It was cold in that room and she pulled the covers over her head to be away from the air, which moved everywhere, looking for someone to make miserable. The darkness beneath the quilt was cold, too, but at least it was still and soon she was asleep again, thinking as consciousness faded that if no one came to waken her then she would not go to school.

When she did awaken, it was well past the time to go to school. The sun had streaked the icy window; long ovals of blue showed through the gray glass. She heard voices below, excited. She heard Shorty Russel saying, “Put him down here—careful now, careful.”

She sat up in bed, knowing something awful had happened. And then someone said, “Go up to the house and tell Mr. Fleming.”

“Yes, and Annie, too,” another voice said.

“My leg is broken,” she heard her father say, his voice filled with anger and wavering with the effort to remain calm.

“You’re lucky you ain’t dead,” Shorty Russel said. “What could be the matter with you? And what were you doing with that tractor in the woods anyhow?”

“I was bringing in some wood, the red oak we cut down last week.”

“Well, I think you must be crazy. You just drove that tractor off that ledge as if you was blind. Here, I’m going to put your leg up here to make you more comfortable.”
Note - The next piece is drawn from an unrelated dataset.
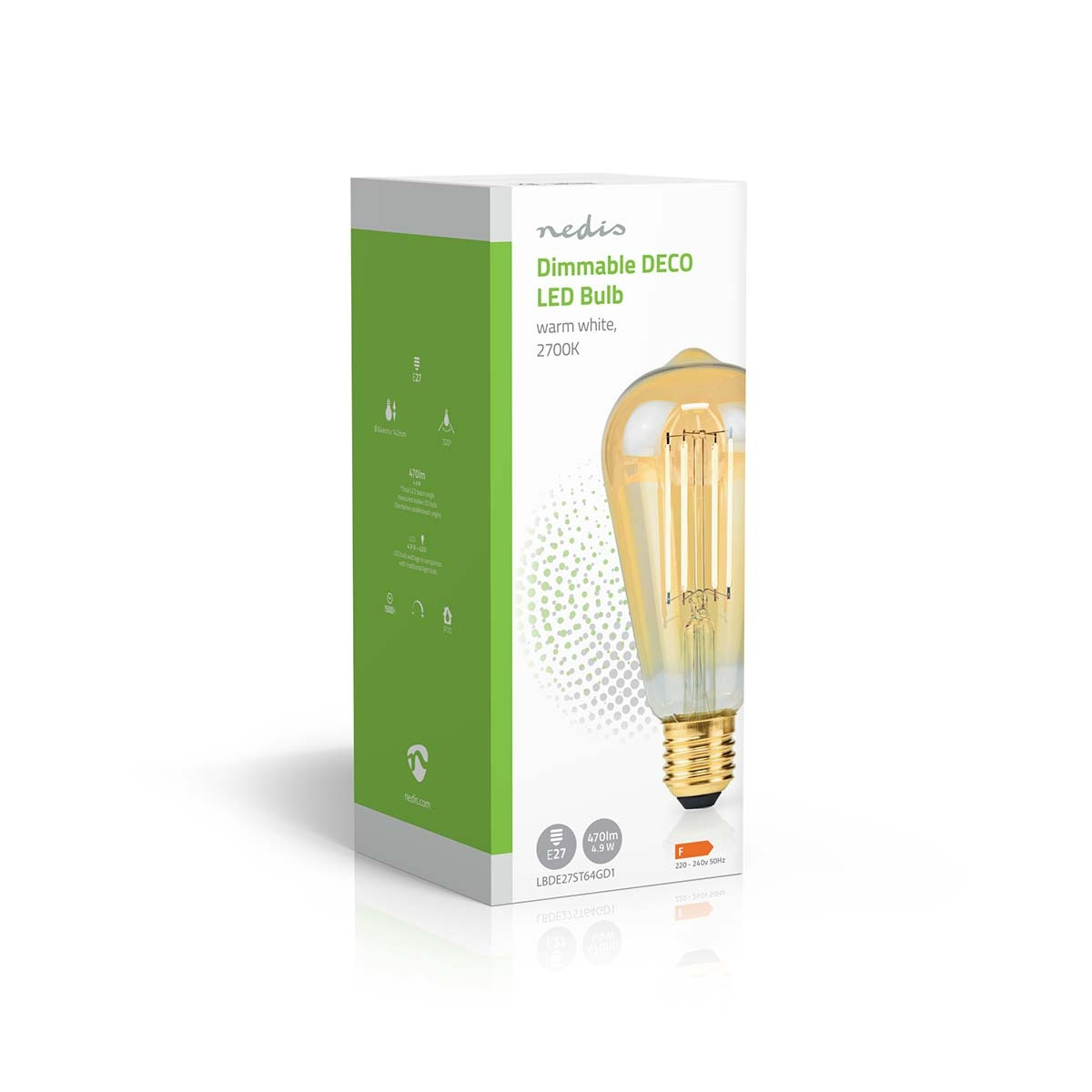 Nedis LED lyspære E27 | ST64 | 4.9 W | 470 lm | 2100 K | Dimbar | Ekstra varm hvit | Retro Style | 1 stk
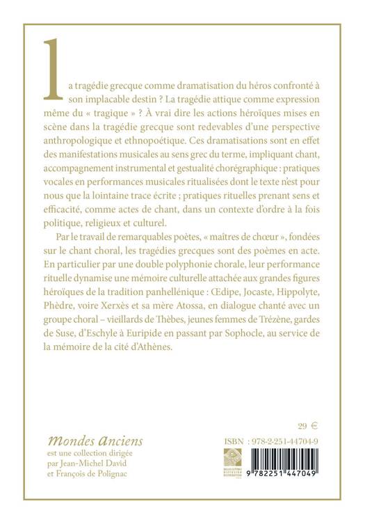 La tragedie grecque comme dramatisation du heros confronte a son implacable destin ? La tragedie attique comme expression meme du tragique ? A vrai dire les actions heroiques mises en scene dans la tragedie grecque sont redevables d'une perspective anthropologique et ethnopoetique. Ces dramatisations sont en effet des manifestations musicales au sens grec du terme, impliquant chant, accompagnement instrumental et gestualite choregraphique: pratiques vocales en performances musicales ritualisees dont le texte n'est pour nous que la lointaine trace ecrite; pratiques rituelles prenant sens et efficacite, comme actes de chant, dans un contexte d'ordre a la fois politique, religieux et culturel. Par le travail de remarquables poetes, maitres de choeur, fondees sur le chant choral, les tragedies grecques sont des poemes en acte. En particulier par une double polyphonie chorale, leur performance rituelle dynamise une memoire culturelle attachee aux grandes figures heroiques de la tradition panhellenique: OEdipe, Jocaste, Hippolyte, Phedre, voire Xerxes et sa mere Atossa, en dialogue chante avec un groupe choral - vieillards de Thebes, jeunes femmes de Trezene, gardes de Suse, d'Eschyle a Euripide en passant par Sophocle, au service de la memoire de la cite d'Athenes.

And more than anything else that day, she would remember sitting up in her bed and holding her ears as her father made one final strangled shout of pain.

FEBRUARY 21, 1940

Years later, Caitlin would learn that today the Germans began building the concentration camp at Auschwitz. But in her own life this day seemed only the beginning of her first true adventure, the day she left Leyden for Washington, D.C., the day when the restless and grandiose part of herself that had always dreamed of a life away from the estate, a life full of sleek errands and witty friends, a life of real importance, had suddenly to find a heretofore undiscovered internal ally—a self who could actually manage such a life.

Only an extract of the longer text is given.